The post-human era is dawning - Machines will conquer final frontiers...Future bears only traces of humanity...

July 10, 2015 3:16 pm

Cheer up, the post-human era is dawning

By Martin Rees

Artificial minds will not be confined to the planet on which we have evolved, writes Martin Rees

So vast are the expanses of space and time that fall within an astronomer’s gaze that people in my profession are mindful not only of our moment in history, but also of our place in the wider cosmos. We wonder whether there is intelligent life elsewhere; some of us even search for it. People will not be the culmination of evolution. We are near the dawn of a post-human future that could be just as prolonged as the billions of years of Darwinian selection that preceded humanity’s emergence.

The far future will bear traces of humanity, just as our own age retains influences of ancient civilisations. Humans and all they have thought might be a transient precursor to the deeper cogitations of another culture — one dominated by machines, extending deep into the future and spreading far beyond earth.

Not everyone considers this an uplifting scenario. There are those who fear that artificial intelligence will supplant us, taking our jobs and living beyond the writ of human laws. Others regard such scenarios as too futuristic to be worth fretting over. But the disagreements are about the rate of travel, not the direction. Few doubt that machines will one day surpass more of our distinctively human capabilities. It may take centuries but, compared to the aeons of evolution that led to humanity’s emergence, even that is a mere bat of the eye. This is not a fatalistic projection. It is cause for optimism. The civilisation that supplants us could accomplish unimaginable advances — feats, perhaps, that we cannot even understand.

Human brains, which have changed little since our ancestors roamed the African savannah, have allowed us to penetrate the secrets of the quantum and the cosmos. But there is no reason to think that our comprehension is matched to an understanding of all the important features of reality. Some day we may hit the buffers. There are chemical and metabolic limits to the size and power of “wet” organic brains.

Today’s computers do not learn like we do. Their internal network is far simpler than a human brain, but they partly make up for this disadvantage because their “nerves” transmit messages at the speed of light, millions of times faster than the chemical transmission in human brains. They can learn to identify dogs, cats and human faces by crunching through millions of images. They learn to translate from foreign languages by reading multilingual versions of millions of pages of EU rules, among other documents (and, crucially, they never get bored).

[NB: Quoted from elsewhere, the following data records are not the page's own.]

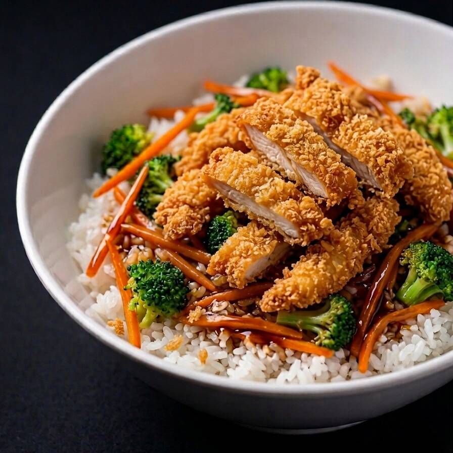 Arroz frito en Soya, con Zanahoria y Brócoli, proteína empanizada
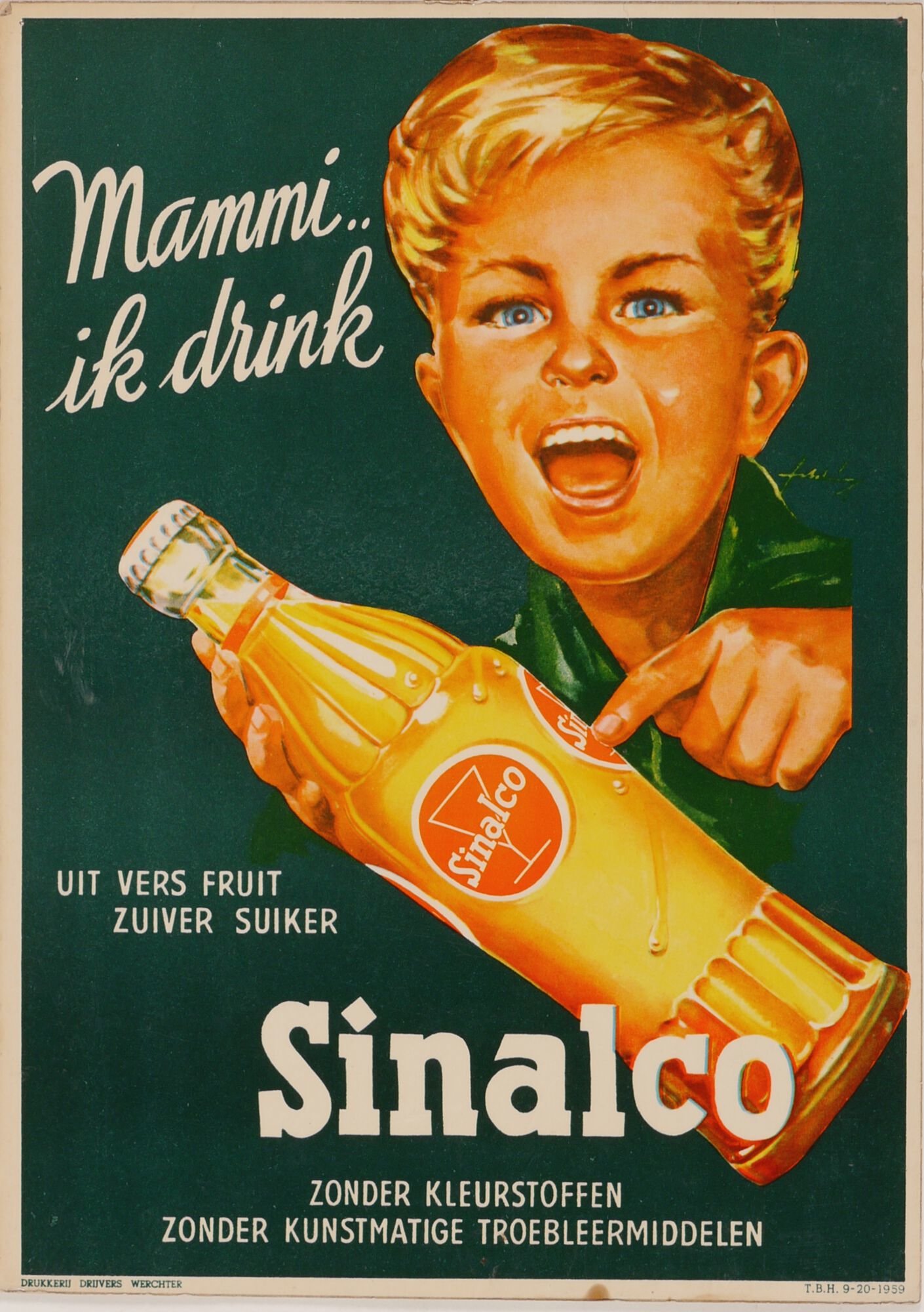 #karton #publiciteit #informatie en communicatie #3de kwart 20ste eeuw #voeding #uithangbord #dranken #limonade #kartonborden #Drijvers #Sinalco
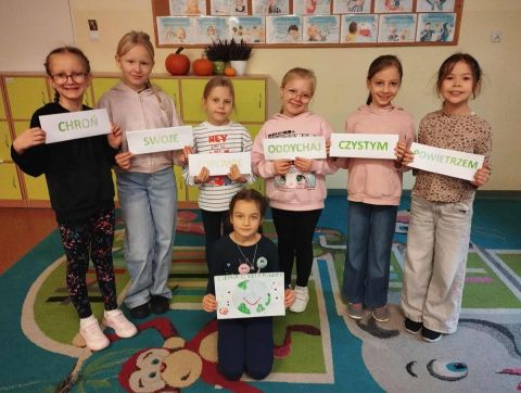 W listopadzie uczniowie klasy 2c oraz 3a wzięli udział w Akcji Konkursowej Urzędu Miasta pn. ,,Chroń swoje zdrowie - oddychaj czystym powietrzem”, której głównym celem było uświadomienie dzieciom znaczenia czystego powietrza dla zdrowia oraz zwrócenie uwagi na problem zanieczyszczenia środowiska.
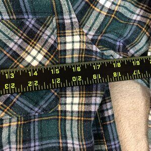 This Aeropostale boyfriend-fit flannel shirt, crafted for a relaxed yet stylish silhouette, offers unmatched comfort. Made with soft fabric, its plaid design blends green and blue tones with subtle accents, making it a versatile wardrobe essential for layering or standalone wear. The single chest pocket and button-down closure add functionality.
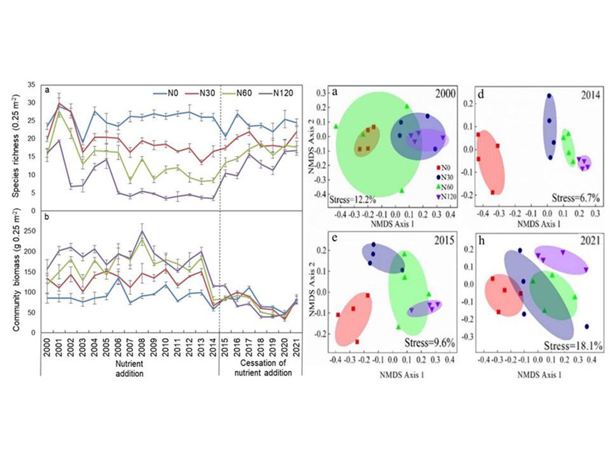 陆地植被对全球变化的响应与适应是群落生态学和全球变化生态学的重要研究内容。养分输入作为全球变化的重要驱动因子,通常能够改变植物群落生物量生产和物种组成,但是养分输入停止后这些变化在多大程度上是可逆的,目前还不清楚。阐明养分输入停止后陆地植物群落和生态系统功能恢复过程及其调控机理对陆地生态系统可持续管理和保护政策的制定至关重要。
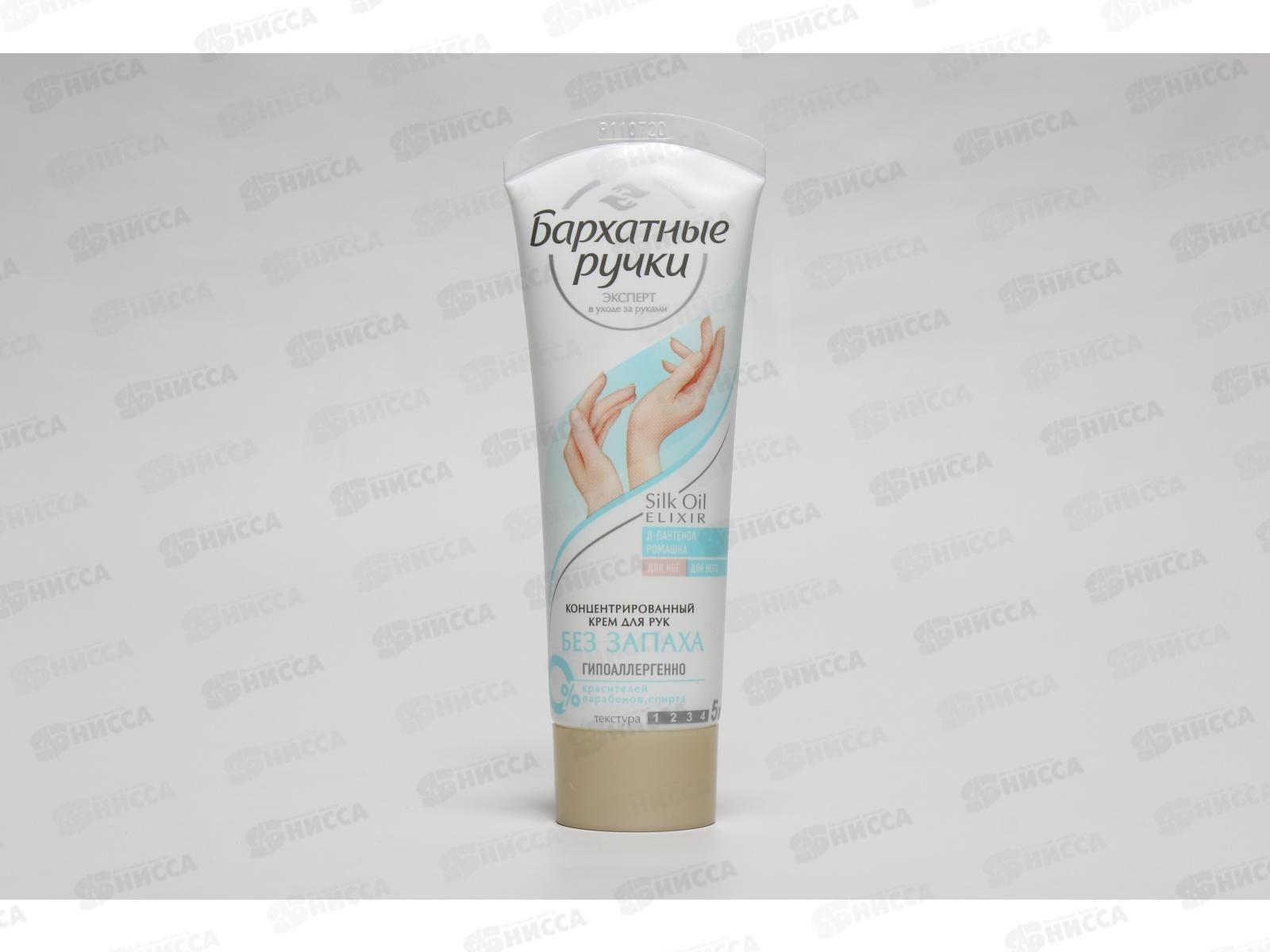 Сухая и чувствительная кожа рук требует специального и бережного ухода. Интенсивный крем с формулой Silk Oil Elixir, усиленной пантенолом и ромашкой, разработан специально для быстрого восстановления сухой и чувствительной кожи рук. Отдушки могут являться катализатором аллергии. Многие потребители не могут использовать крема с ярко-выраженным запахом из-за аллергической реакции. Крем Бархатные ручки не содержит отдушки и является гипоаллергенным, подходит для использования в сезон аллергии. Продукт рекомендован дерматологами и аллергологами.

These are primitive steps, and there is disagreement about the route towards machines of human-level intelligence. Some think we should emulate nature, and reverse-engineer the human brain. Others say that is as misguided as designing flying machine by copying how birds flap their wings. Philosophers debate whether “consciousness” is special to the wet, organic brains of humans, apes and dogs, so that robots, even if their intellects seem superhuman, will still lack self-awareness or inner life. But of the kind of “thinking” that has enabled humans to understand and then harness the forces of nature, far more will be done by silicon computers (or quantum ones) than has ever been managed by people.

Today’s computers have “nerves” which transmit messages at the speed of light, millions of times faster than the chemical transmission in human brains

Artificial minds will not be confined to the 14 mile layer of water, air and rock in which organic life has evolved at the earth’s surface. Indeed this biosphere may be far from an optimal habitat for post-human “life”. Interplanetary and interstellar space will be the preferred arena for the grand constructions of robotic fabricators, including the non-biological brains that might one day develop insights as far beyond our imaginings as string theory is for a monkey.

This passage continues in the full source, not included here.